Task goal → The answer is to be the lines of the material from its start through the line containing "ที่สนาม ไฟซอล อัล", each copied exactly; no pictures.

Given data →
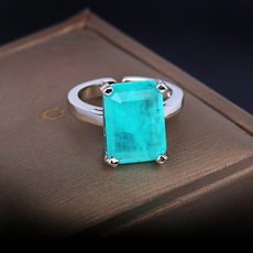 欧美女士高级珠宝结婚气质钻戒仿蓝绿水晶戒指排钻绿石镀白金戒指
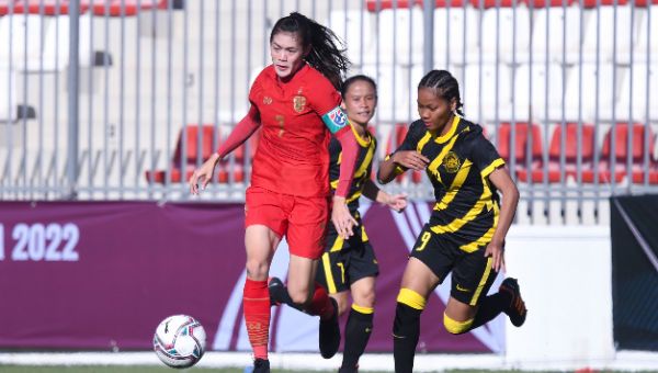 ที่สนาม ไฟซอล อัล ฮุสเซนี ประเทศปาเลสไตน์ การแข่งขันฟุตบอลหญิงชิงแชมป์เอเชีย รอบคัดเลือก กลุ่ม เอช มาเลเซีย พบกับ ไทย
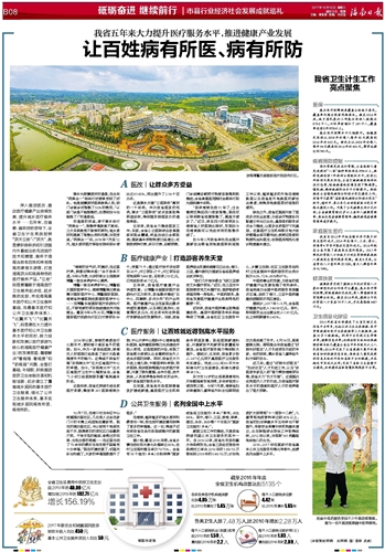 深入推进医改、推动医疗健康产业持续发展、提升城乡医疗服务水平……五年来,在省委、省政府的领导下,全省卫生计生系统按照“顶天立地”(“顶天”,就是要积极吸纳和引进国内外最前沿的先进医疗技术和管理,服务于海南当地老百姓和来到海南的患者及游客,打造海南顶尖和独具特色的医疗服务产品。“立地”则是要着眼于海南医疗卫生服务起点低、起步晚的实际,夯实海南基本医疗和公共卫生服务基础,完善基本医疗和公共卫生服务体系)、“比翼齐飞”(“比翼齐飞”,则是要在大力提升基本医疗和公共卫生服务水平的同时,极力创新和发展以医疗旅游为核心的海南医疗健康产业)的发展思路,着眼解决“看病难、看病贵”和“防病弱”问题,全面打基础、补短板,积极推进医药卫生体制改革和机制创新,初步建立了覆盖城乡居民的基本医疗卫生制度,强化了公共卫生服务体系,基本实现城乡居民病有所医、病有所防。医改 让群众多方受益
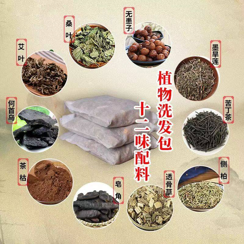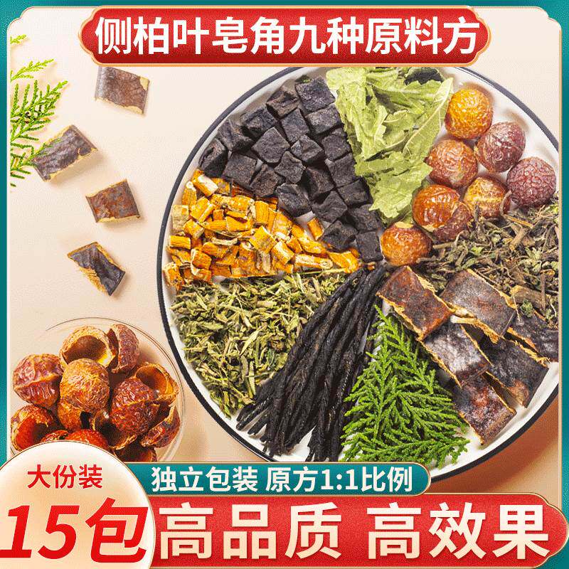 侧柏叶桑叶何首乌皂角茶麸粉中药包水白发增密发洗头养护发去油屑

Answer space →
 欧美女士高级珠宝结婚气质钻戒仿蓝绿水晶戒指排钻绿石镀白金戒指
 ที่สนาม ไฟซอล อัล ฮุสเซนี ประเทศปาเลสไตน์ การแข่งขันฟุตบอลหญิงชิงแชมป์เอเชีย รอบคัดเลือก กลุ่ม เอช มาเลเซีย พบกับ ไทย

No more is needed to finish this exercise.